* **Brief**: Whatever lies between the line with "5月8日上午,苏豪天泓汽车集" and the end of the data, both included, must be copied exactly and without pictures.
- - -
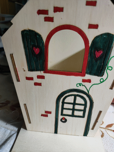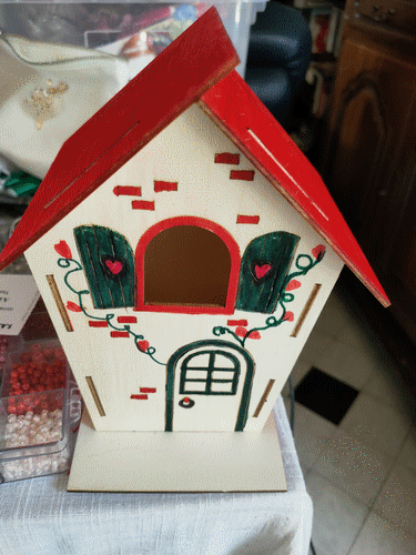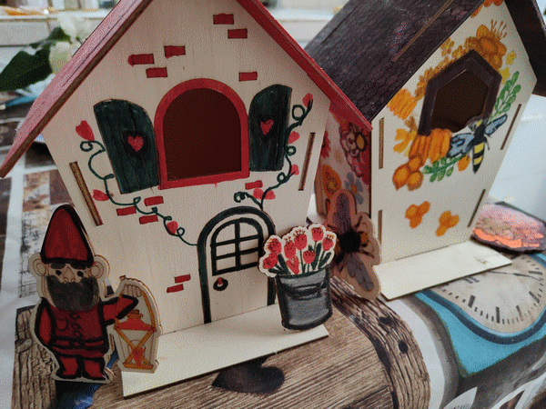Maisons en bois à colorier, achetées à Action. Juillet 2022.
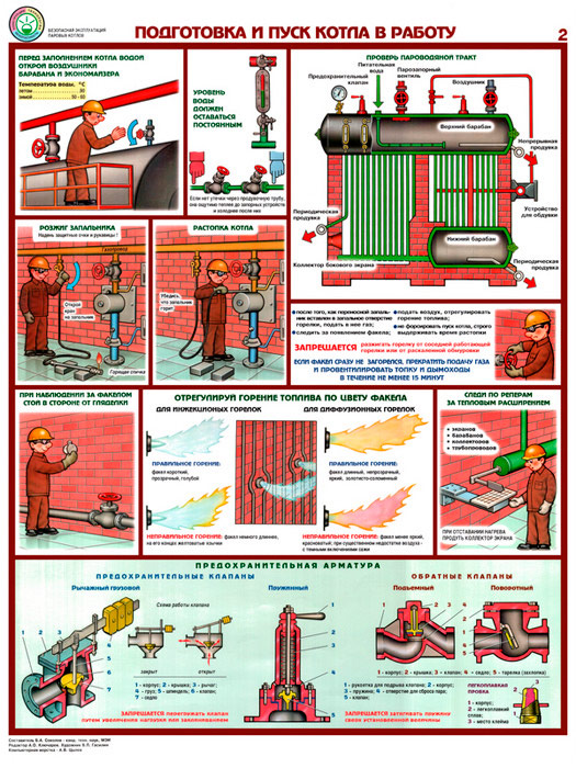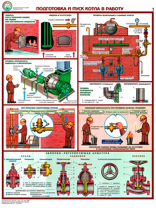 - Два плаката «Подготовка и пуск котла в работу» – проверка исправности, продувка, проверка тракта, розжиг запальника, растопка котла, регулировка горения, запорно-регулирующая и предохранительная аппаратура
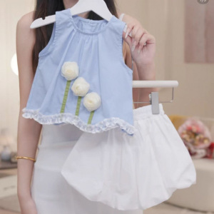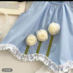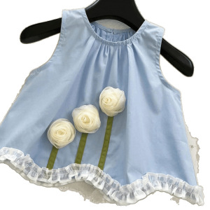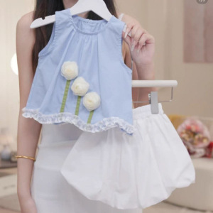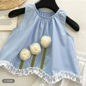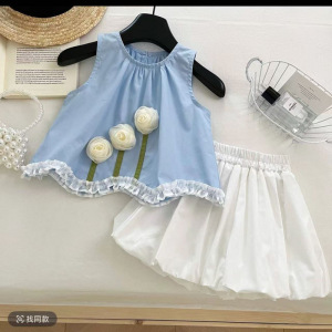 女の赤ちゃんの夏服 2025 子供の新しい韓国スタイルの花ノースリーブベスト子供のファッショナブルな花のつぼみショーツのセット
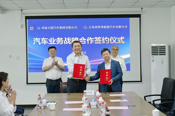 5月8日上午,苏豪天泓汽车集团有限公司与江苏省外事旅游汽车有限公司签署战略合作协议,建立可持续发展的战略合作伙伴关系。江苏外汽党委书记、董事长陈云高,苏豪天泓党委书记、董事长徐非出席签约仪式。
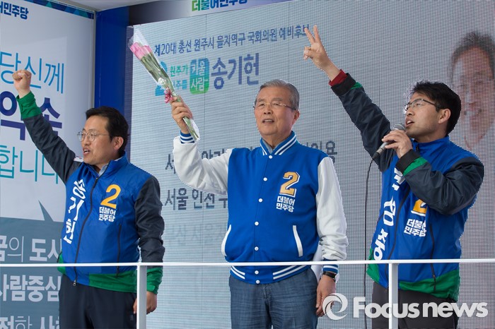 (원주=포커스뉴스) 7일 오후 강원도 원주중앙시장 인근에서 송기헌 더불어민주당 원주을 후보, 김종인 더불어민주당 비대위 대표, 권성중 더불어민주당 원주갑 후보가 유권자들에게 지지를 호소하고 있다.
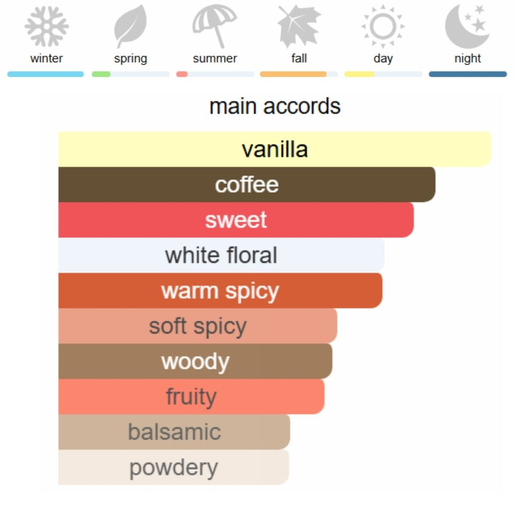 Базови нотки: ванилия, пачули, кашмирово дърво и кедър.
- - -
* **Solved exercise**:
 5月8日上午,苏豪天泓汽车集团有限公司与江苏省外事旅游汽车有限公司签署战略合作协议,建立可持续发展的战略合作伙伴关系。江苏外汽党委书记、董事长陈云高,苏豪天泓党委书记、董事长徐非出席签约仪式。
 (원주=포커스뉴스) 7일 오후 강원도 원주중앙시장 인근에서 송기헌 더불어민주당 원주을 후보, 김종인 더불어민주당 비대위 대표, 권성중 더불어민주당 원주갑 후보가 유권자들에게 지지를 호소하고 있다.
 Базови нотки: ванилия, пачули, кашмирово дърво и кедър.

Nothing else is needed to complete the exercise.